Putting all of these together - for the mainstream-classical theology divine creation has-been done wholly by God, has already-happened; and is complete and unchangeable (since it is beyond time).
From this perspective; there are two basic ways we can know - which CS Lewis terms contemplation and enjoyment (and which are described and explained in this essay, but without using the contemplation-enjoyment nomenclature - which distinction is explained in his autobiography Surprised by Joy, and elsewhere).
For a classical, mainstream Christian theologian like Lewis, contemplation and enjoyment are the only possible ways of conscious 'knowing' - with enjoyment a higher form of knowing.
(There will also be ways of 'unconscious' knowing - in the sense of animals, or plants, that implicitly 'know' many things, because they behave adaptively; but without possessing what most people would recognize as explicit, conscious awareness of their knowing. However, I believe they do, because everything does, possess some consciousness, of some type)
Contemplation is when we retain the stance of a separate observer - it is, in effect, knowing-about something.
For a Christian, a Man might contemplate God, or the works of God - and this means knowing-about such things; by paying attention, having experiences, studying, learning.
A higher form of knowing God would be enjoyment, or 'communion'.
This would be when someone (perhaps a Saint, or a resurrected Man in Heaven) inhabited the divine mind, able to perceive and know God by means of a direct connection; becoming joined-with God's creative will - but retaining one's own identity as a distinct creature (created individual).
Man in full communion with the divine remains conscious of himself; but knows God's work from the inside, and knows his own part in it.
(It is this retaining of personal identity that differentiates the Christian understanding of divine communion, from the 'Eastern' (Hindu, Buddhist etc.) idea of Nirvana - in which the individual Man loses his distinction, his 'self'; and becomes dissolved-back-into the divine-whole, from which he originated.)

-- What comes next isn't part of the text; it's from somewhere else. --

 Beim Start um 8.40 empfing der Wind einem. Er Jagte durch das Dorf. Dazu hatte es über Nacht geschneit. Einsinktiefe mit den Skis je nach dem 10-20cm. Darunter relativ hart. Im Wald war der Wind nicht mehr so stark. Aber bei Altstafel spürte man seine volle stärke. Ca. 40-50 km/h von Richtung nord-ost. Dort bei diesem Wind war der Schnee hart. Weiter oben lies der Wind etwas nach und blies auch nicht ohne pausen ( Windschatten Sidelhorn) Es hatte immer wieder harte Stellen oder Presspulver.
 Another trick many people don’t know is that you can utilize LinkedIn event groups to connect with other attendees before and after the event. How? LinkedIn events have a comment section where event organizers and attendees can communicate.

But communion is not creative; since creation is done.
What seems like creation to mortal Men is - by this analysis - a result of our limited perspective - and is actually just a selection and arrangement of already-created material.

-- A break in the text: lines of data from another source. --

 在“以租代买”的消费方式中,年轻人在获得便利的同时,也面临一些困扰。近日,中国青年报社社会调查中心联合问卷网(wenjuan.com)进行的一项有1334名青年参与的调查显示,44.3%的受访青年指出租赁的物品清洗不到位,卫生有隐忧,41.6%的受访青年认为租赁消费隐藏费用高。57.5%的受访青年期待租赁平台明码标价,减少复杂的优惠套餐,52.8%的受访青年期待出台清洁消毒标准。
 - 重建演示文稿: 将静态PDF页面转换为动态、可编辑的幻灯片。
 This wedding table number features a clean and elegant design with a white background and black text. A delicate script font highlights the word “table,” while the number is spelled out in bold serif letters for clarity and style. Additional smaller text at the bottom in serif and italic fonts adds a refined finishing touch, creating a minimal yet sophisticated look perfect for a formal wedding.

For the mainstream-classical Christian, Men cannot truly create, in a primary sense; because Men are creatures/ created-Beings; and only God is capable of true creation.
But for me, as for CS Lewis's best friend Owen Barfield, there is a higher state than enjoyment - which is creation - or what Barfield terms Final Participation.
This includes communion, but also involves knowing oneself to be adding-to and enhancing already-existing divine creation: that is, becoming a co-creator of God's creation.
Therefore, Man can (potentially) become a creator with God, creating in harmony with what already exists.
It can be seen that for co-creation to be true, several of the classical-mainstream assumptions about God must be discarded. Because it can be added-to; creation is no longer regarded as existing outside time, nor as being complete and finished.
Man is no longer understood as wholly a 'creature' - but as an 'embryonic god': capable of developing to participate in primary creation of that which is new and unforeseen.
Thus, a recognition of Man as potential creator goes-with a rejection of the assumptions that God is omnipotent and omniscient, that God created everything from nothing, and that creation is complete and beyond time.
Instead; creation is recognized as ongoing - within time - incomplete and capable of expansion.
In other words; creation is God's original project; and a project in which Men may develop to participate.
To summarize; if we are to regard Man as capable of real creation; we must reject the classical, mainstream, tradition Christian theology; and adopt different metaphysical assumptions concerning God, creation and time.
Conversely, if we choose instead to adhere to the classical, mainstream, tradition Christian theology; we must reject the possibility of Man being a true creator; and assume instead that the highest form of being that Man can aspire to is an ultimately passive state of 'enjoyment' in communion with God.
How to decide between these incompatible metaphysical explanations of Christianity - apart from intuition?
The Bible as a whole is apparently ambivalent and self-contradicting on this topic; but the Fourth Gospel (of "John" - especially Chapters 13-17 inclusive) strongly suggests that Men (in the new dispensation of Christ) can and should aspire to become co-creators: that is loving 'friends' of Jesus Christ and God, rather than (as in the previous era, before Christ) merely obedient servants of God.